部分正则表达式匹配 [英] Partial regular expression match

查看:66
本文介绍了部分正则表达式匹配的处理方法,对大家解决问题具有一定的参考价值,需要的朋友们下面随着小编来一起学习吧!

问题描述

我有一个正则表达式,用于测试输入的字符流.我想知道是否有一种方法可以将正则表达式与输入进行匹配并确定它是否是消耗整个输入缓冲区的部分匹配?IE.在正则表达式完成之前到达输入缓冲区的末尾.我希望实现决定是等待更多输入字符,还是中止操作.

I have a regular expression that I'm testing a input stream of characters. I wonder if there is a way to match the regular expression against the input and determine if it is a partial match that consumes the entire input buffer? I.e. the end of the input buffer is reached before the regexp completes. I would like the implementation to decide whether to wait for more input characters, or abort the operation.

换句话说,我需要确定哪个是真的:

In other words, I need to determine which one is true:

  1. 在匹配正则表达式之前到达输入缓冲区的末尾

  1. The end of the input buffer was reached before the regexp was matched

例如"foo" =~/^foobar/

正则表达式完全匹配

例如"foobar" =~/^foobar/

正则表达式匹配失败

例如"fuubar" =~/^foobar

输入未打包.

推荐答案

我不确定这是否是您的问题.
正则表达式要么匹配要么不匹配.并且表达式将匹配可变数量的输入.所以,不能直接确定.
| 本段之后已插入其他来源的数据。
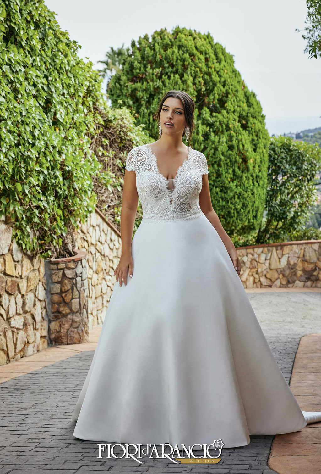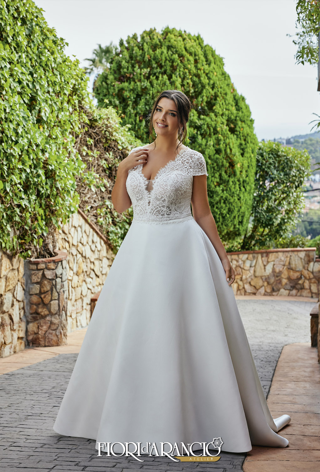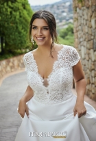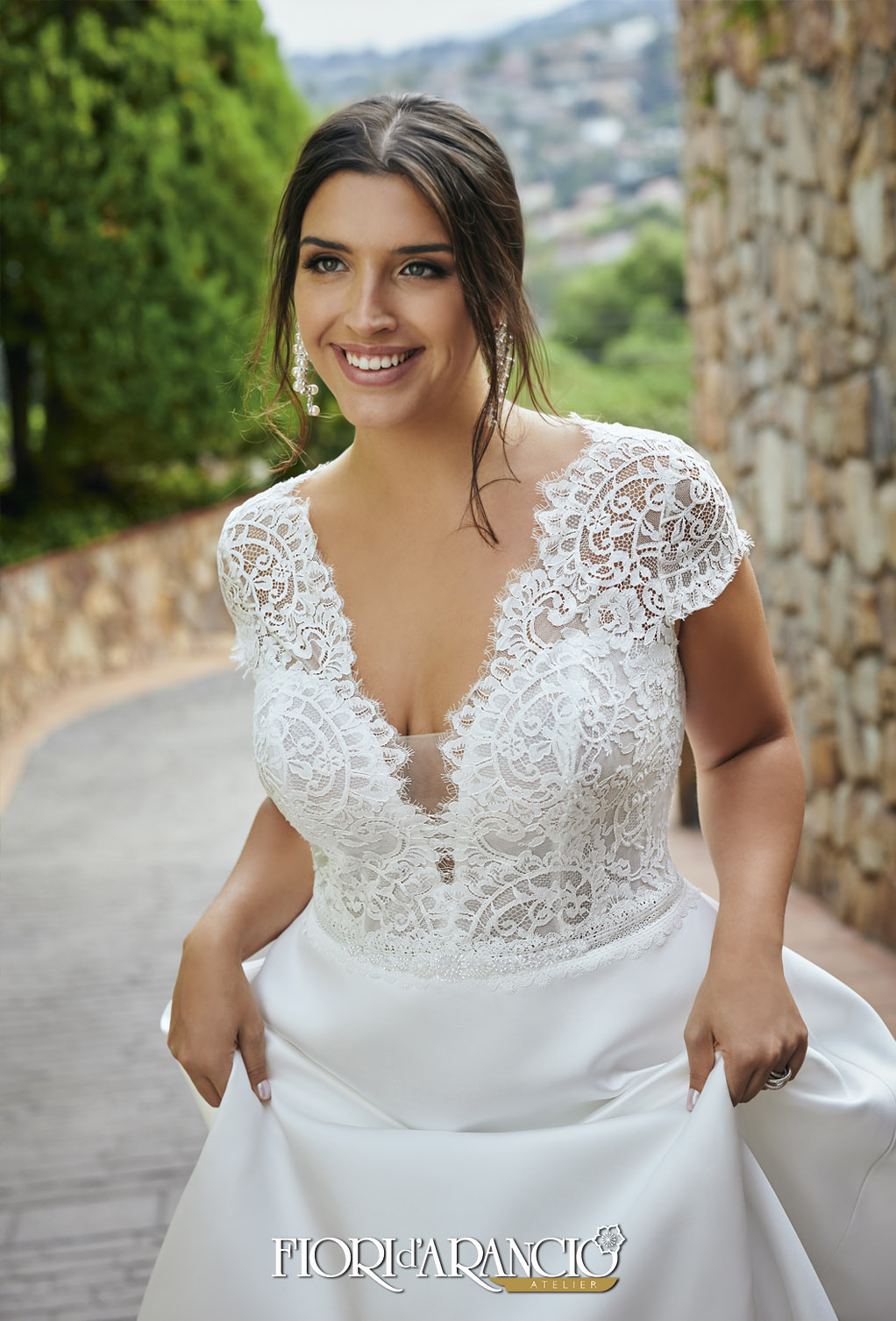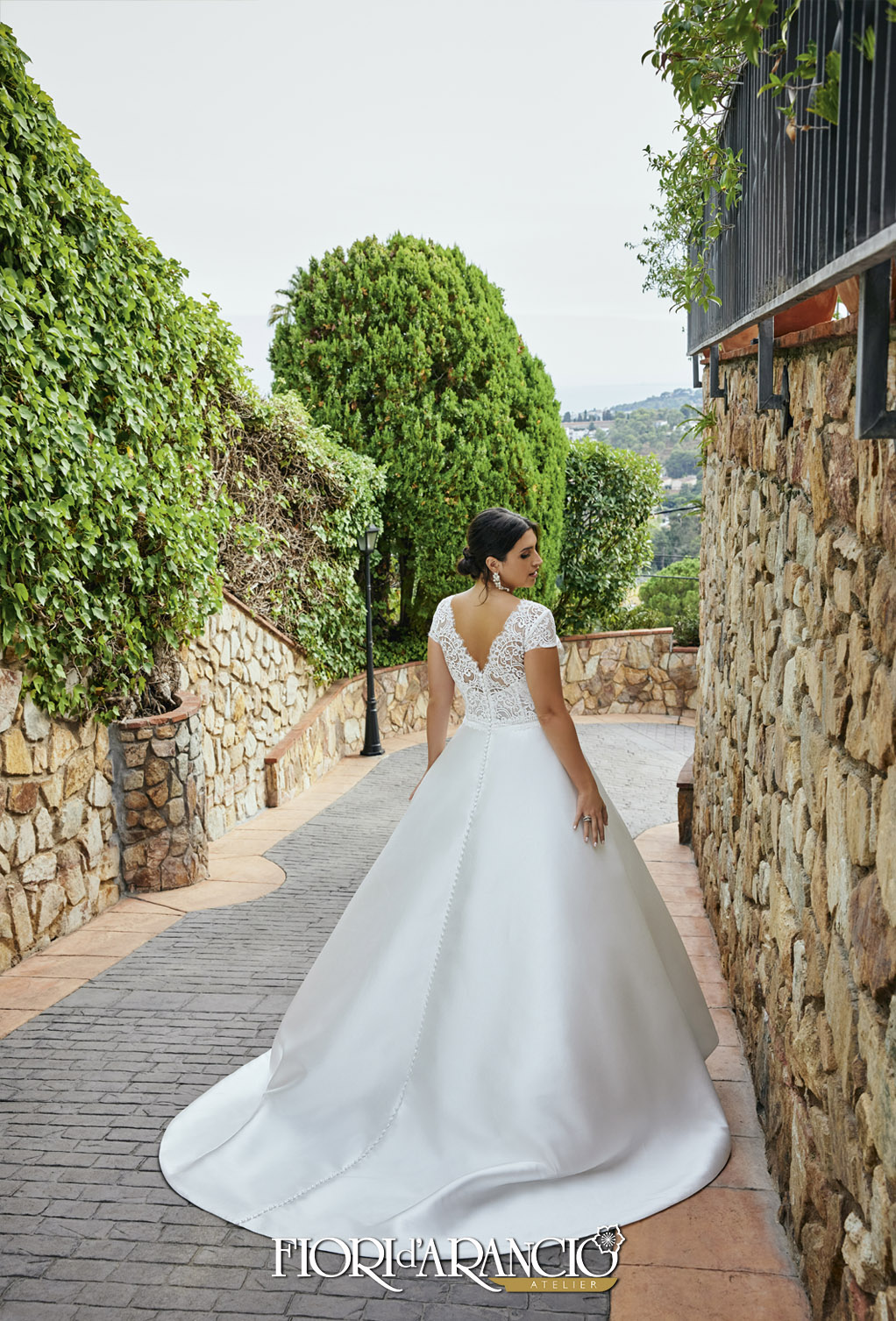 Regale abito in mikado con corpetto in pizzo rebrodato e scollo a v profondo smerlato con manichine corte. Il punto vita è esaltato da una cintura ricamata con una lunga coda in mikado.
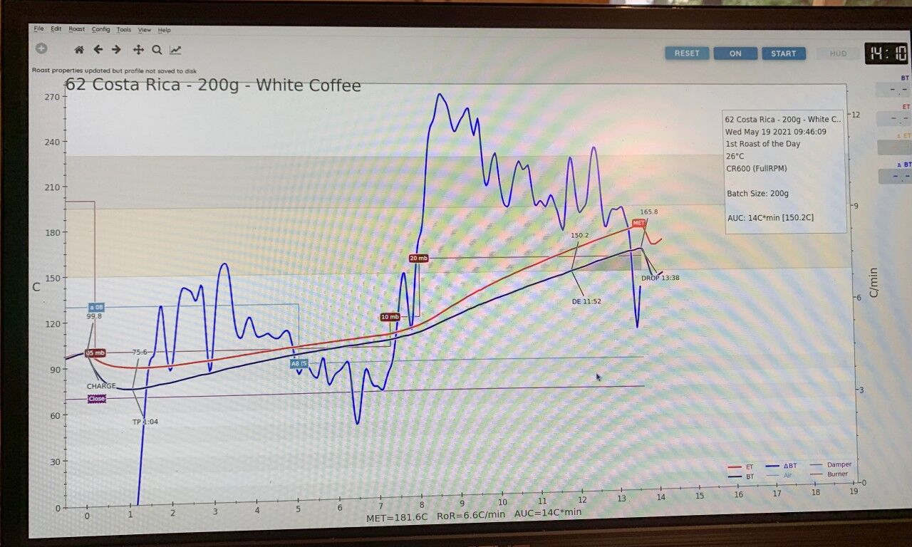 使ったのはコスタリカの豆で、焙煎機への投入温度はかなり低めの100度、取り合えず書かれていたレシピどおり、BT(豆温度)が華氏325度(摂氏163度)になったところで煎り止めした。焙煎時間を長めにするために、Diffuerを閉めて半熱風焙煎モードにして、ガス圧はずっと低いままにした。
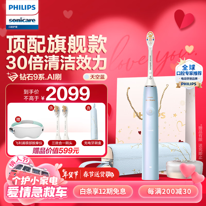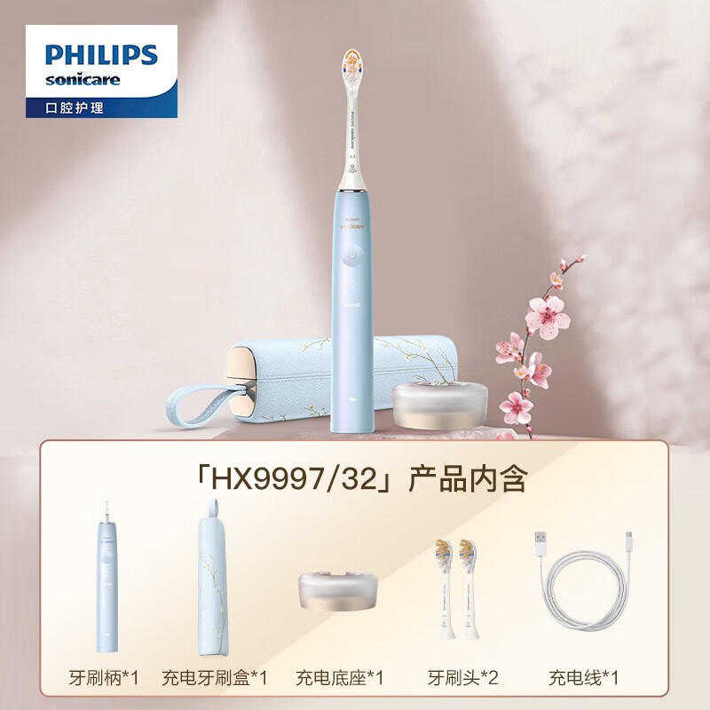 飞利浦(PHILIPS)电动牙刷情侣款新年 情人节礼物送女友/男友 新婚礼物 国风限定 20倍清除牙菌斑钻石9系AI刷天空蓝价格:2459.00元!
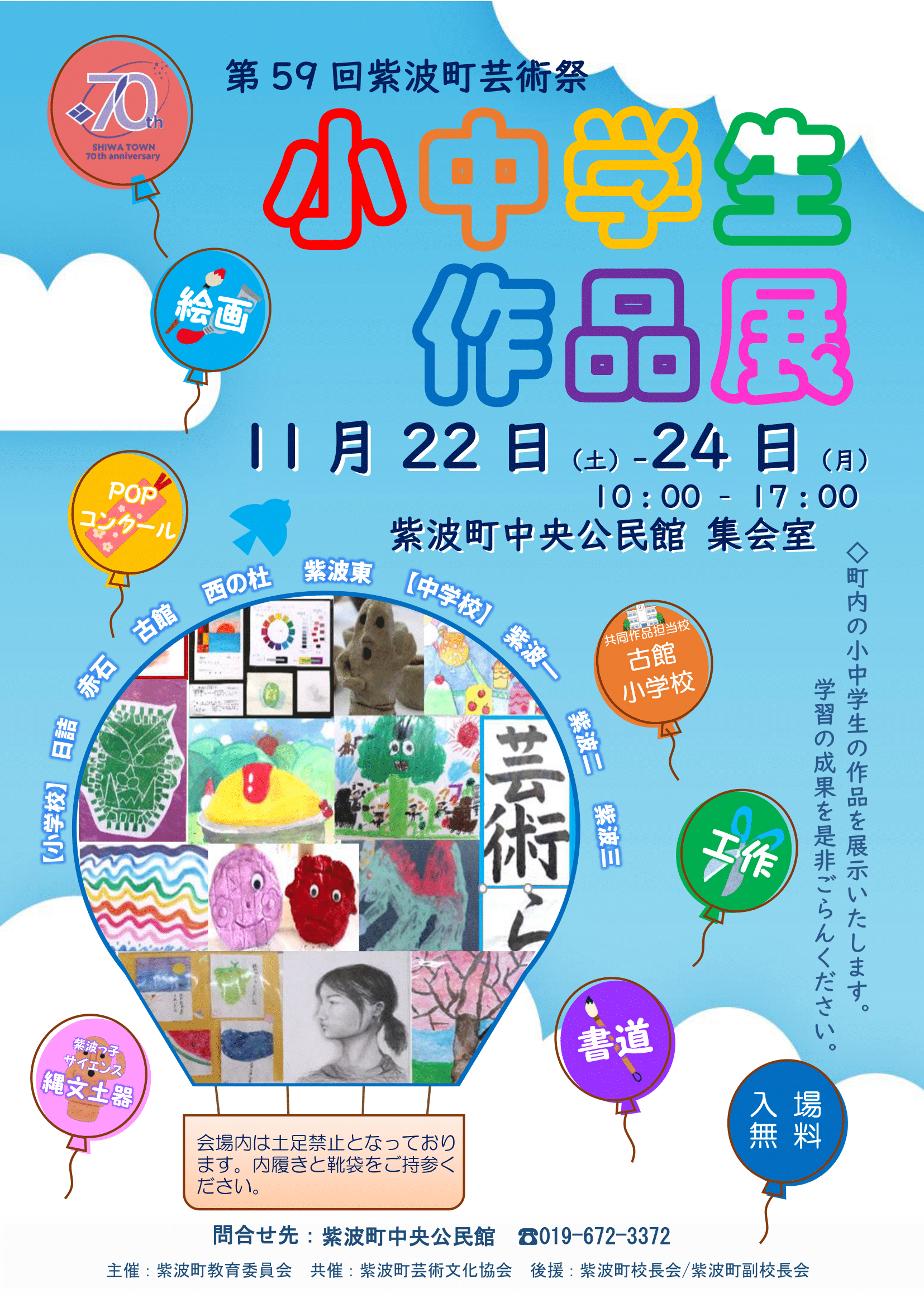 今回で59回目となる紫波町芸術祭小中学生作品展は、町内小中学校から選ばれた絵画・書写・工作を多数展示いたします。その他、古館小学校による特別出展作品、POPコンクールの入賞作品、紫波っ子サイエンス教室「縄文の科学」に参加した親子による土器も展示いたします。ご家族の皆様でのご来場をお待ちしております。
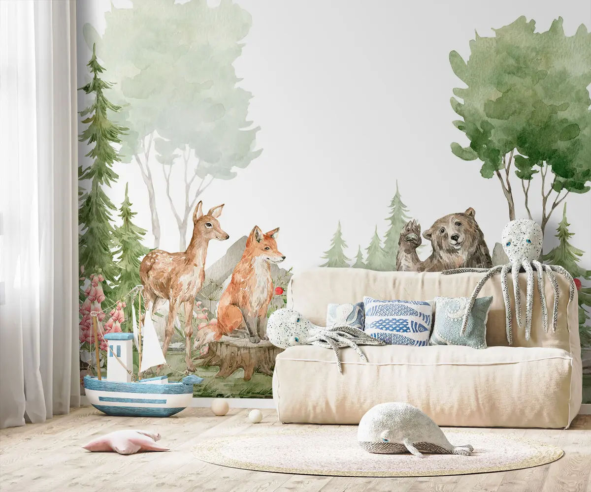 Fototapety Akvarelová kompozícia s lesnými zvieratami a prvkami prírody Nr. u78735
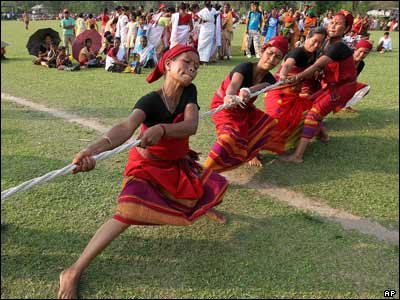 زنان قبیله با لباس های سنتی در مسابقه طناب کشی در جشنواره بوکو که در هفتاد کیلومتری شهر گوهاتی در هند برگزار شده است. |

I'm not sure if this is your question but.
Regular expressions either match or not. And the expression will match a variable amount of input. So, it can't be determined directly.

但是,如果您认为存在重叠的可能性,则可以使用智能缓冲方案来完成相同的事情.

However, it is possible, if you believe there is a possibility of overlap, to use a smart buffering scheme to accomplish the same thing.

有很多方法可以做到这一点.

There are many ways to do this.

一种方法是通过断言匹配所有不匹配的东西,直到你开始匹配(但不是您寻求的完整匹配).这些你可以简单地扔掉并从你的缓冲区中清除.当您找到要查找的匹配项时,清除该数据的缓冲区以及它之前的数据.

One way is to match all that does not match via assertions, up until you get the start of a match (but not the full match you seek). These you simple throw away and clear from your buffer. When you get a match you seek, clear the buffer of that data and data before it.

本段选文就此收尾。